The valve body 22 can be produced by press working of a plate of aluminum or aluminum alloy. Aluminum and aluminum alloys are preferable as the material of the valve body 22 because of their excellent flexibility.

The valve body 22 has a circular shape in plan view, and a central portion 22a and an outer peripheral portion 22b thereof are formed as thick portions with thicknesses Ta and Tb, respectively. On the other hand, an intermediate portion 22c connecting the central portion 22a and the outer peripheral portion 22b is formed in a thin-walled portion with a thickness Tc. The thickness Tc of the middle portion 22c is smaller than the thickness Ta of the central portion 22a and smaller than the thickness Tb of the outer peripheral portion 22b. In the valve body 22, the thickness Ta of the central portion 22a and the thickness Tb of the outer peripheral portion 22b may be the same or different.

It is preferable that the thickness Tc of the intermediate portion 22c be formed to a uniform thickness from the inner circumferential portion to the outer circumferential portion. The uniform thickness as described above has an advantage that the valve body 22 can be easily manufactured. However, the present invention is not limited to this, and the thickness Tc of the middle portion 22c may be formed so as to continuously decrease or increase from the inner circumferential portion to the outer circumferential portion.

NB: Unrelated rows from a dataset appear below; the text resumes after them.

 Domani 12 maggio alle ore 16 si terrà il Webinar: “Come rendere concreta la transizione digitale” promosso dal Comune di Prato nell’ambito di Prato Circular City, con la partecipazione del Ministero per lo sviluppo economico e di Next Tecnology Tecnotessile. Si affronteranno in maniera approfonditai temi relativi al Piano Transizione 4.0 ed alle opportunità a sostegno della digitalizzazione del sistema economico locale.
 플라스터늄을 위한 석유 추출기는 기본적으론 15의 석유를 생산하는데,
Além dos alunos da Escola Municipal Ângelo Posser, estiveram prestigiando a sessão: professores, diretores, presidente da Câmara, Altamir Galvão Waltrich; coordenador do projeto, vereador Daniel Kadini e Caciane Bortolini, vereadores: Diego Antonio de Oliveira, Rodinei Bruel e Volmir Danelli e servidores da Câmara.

The central portion 22a of the valve body 22 is formed to be a thick portion, so that the central portion 22a has a flat cylindrical shape and protrudes on the surface on the battery inner side. Since the central portion 22a is thus protruded, the connection between the valve body 22 and the metal plate 26 is facilitated, and a space for interposing the insulating plate 24 between the valve body 22 and the metal plate 26 is provided. Can be given.

It is preferable that the surface on the battery outer side of the valve body 22 be formed in a flat surface. When the current collecting member is connected by ultrasonic bonding, for example, to the surface of the valve body 22 serving as the external terminal by forming the flat surface in this way, there is an advantage that the current collecting member can be connected more reliably. However, the present invention is not limited to this. For example, the outer surface of the valve body 22 may have a bulging shape at the central portion 22a.

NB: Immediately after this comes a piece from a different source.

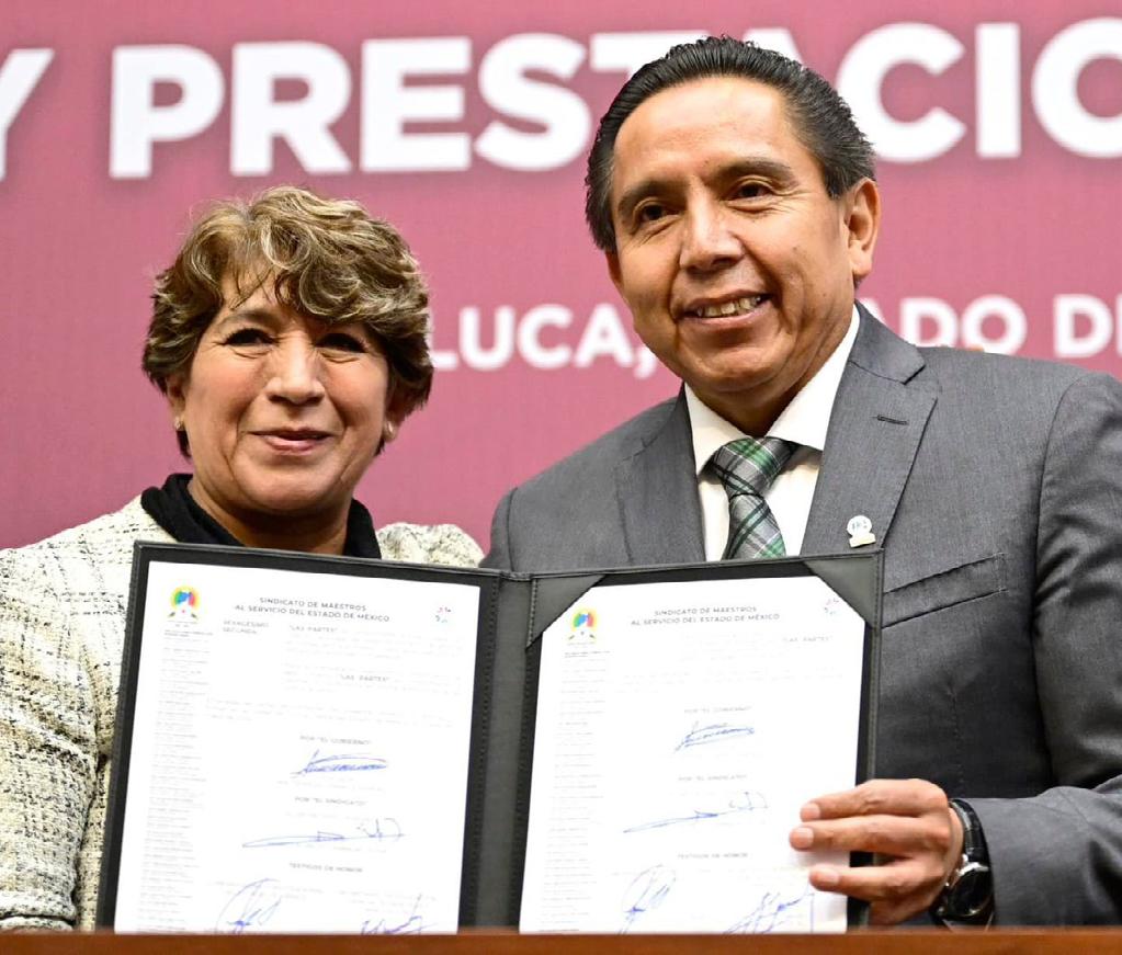 Toluca, Méx.-En un acto sin precedente en las últimas décadas y que da muestra de la cercanía de la gobernadora Delfina Gómez Álvarez con sus compañeros de profesión, la mandataria fue testigo de la firma del Convenio de Sueldos y Prestaciones 2024, signado por Marco Aurelio Carbajal Leyva, secretario general del Sindicato de Maestros al Servicio del Estado de México (SMSEM) y la oficial mayor del gobierno mexiquense, Trinidad Franco Arpero. En su discurso, la oficial mayor mencionó que este convenio, con un valor superior a 50 mil millones de pesos, busca mejorar las condiciones laborales de quienes trabajan en la
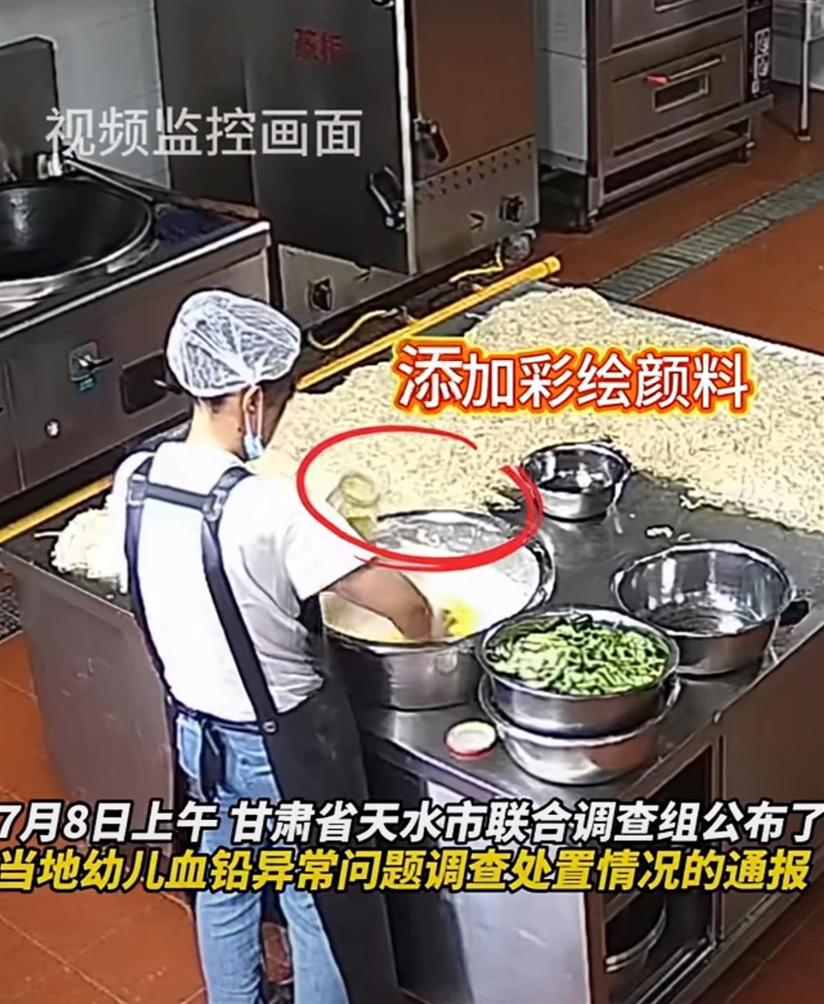 7月8日,甘肅天水市聯(lián)合調(diào)查組發(fā)布《關(guān)于天水市麥積區(qū)培心幼兒園幼兒血鉛異常問題調(diào)查處置情況的通報》。經(jīng)查,幼兒園園長朱某琳、投資人李某芳同意該園后廚人員通過網(wǎng)絡(luò)平臺購買彩繪顏料,稀釋后用于部分食品制作。7月3日凌晨,公安部門將其藏匿的剩余顏料查獲。經(jīng)檢驗,查獲顏料含鉛(包裝明確標識不可食用)。

As described above, the outer surface of the valve body 22 is formed to be flat. Thus, the middle portion 22c, which is a thin portion with a thickness Tc, forms an annular recess 22d on the surface of the valve body 22 on the battery inner side. The insulating plate 24 is fitted and fixed to the recess 22 d. The metal plate 26 is fitted and fixed to the inner peripheral portion of the insulating plate 24. Therefore, the metal plate 26 is fixed to the valve body 22 via the insulating plate 24.

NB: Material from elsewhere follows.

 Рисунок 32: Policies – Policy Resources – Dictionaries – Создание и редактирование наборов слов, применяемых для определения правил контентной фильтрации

The inner surface of the middle portion 22c which is a thin portion (i.e., the bottom surface of the recess 22d formed by the middle portion 22c) is formed on a flat surface along the radial direction of the valve body 22. Thus, the middle portion 22c of the valve body 22 is in contact with the insulating plate 24 fitted in the recess 22d from the inner peripheral portion to the outer peripheral portion.

The insulating plate 24 can ensure insulation and can use a material that does not affect battery characteristics. As a material used for the insulating plate 24, a polymer resin is preferable, and a polypropylene (PP) resin and a polybutylene terephthalate (PBT) resin are illustrated.

The insulating plate 24 has a skirt portion 24b extending inward of the battery at its outer peripheral portion. The metal plate 26 is fitted and fixed to the inner peripheral portion of the skirt portion 24b. The tip of the skirt portion 24 b may be bent toward the central portion 22 a of the valve body 22. As a result, the front end of the skirt portion 24b is assembled with the flange portion 26c provided on the outer periphery of the metal plate 26 in a state in which the tip end of the skirt portion 24b is engaged.

The metal plate 26 has a circular shape smaller in diameter than the insulating plate 24 in a plan view, and the central portion is formed in a thin-walled portion. The metal plate 26 is preferably formed of aluminum or an aluminum alloy as the valve body 22. This facilitates connection between the central portions of the valve body 22 and the metal plate 26. It is preferable to use laser welding as a connection method. An air vent 26 a is formed through the outer peripheral portion of the metal plate 26. The flange portion 26 c at the outer peripheral edge of the metal plate 26 is held by the skirt portion 24 b of the insulating plate 24.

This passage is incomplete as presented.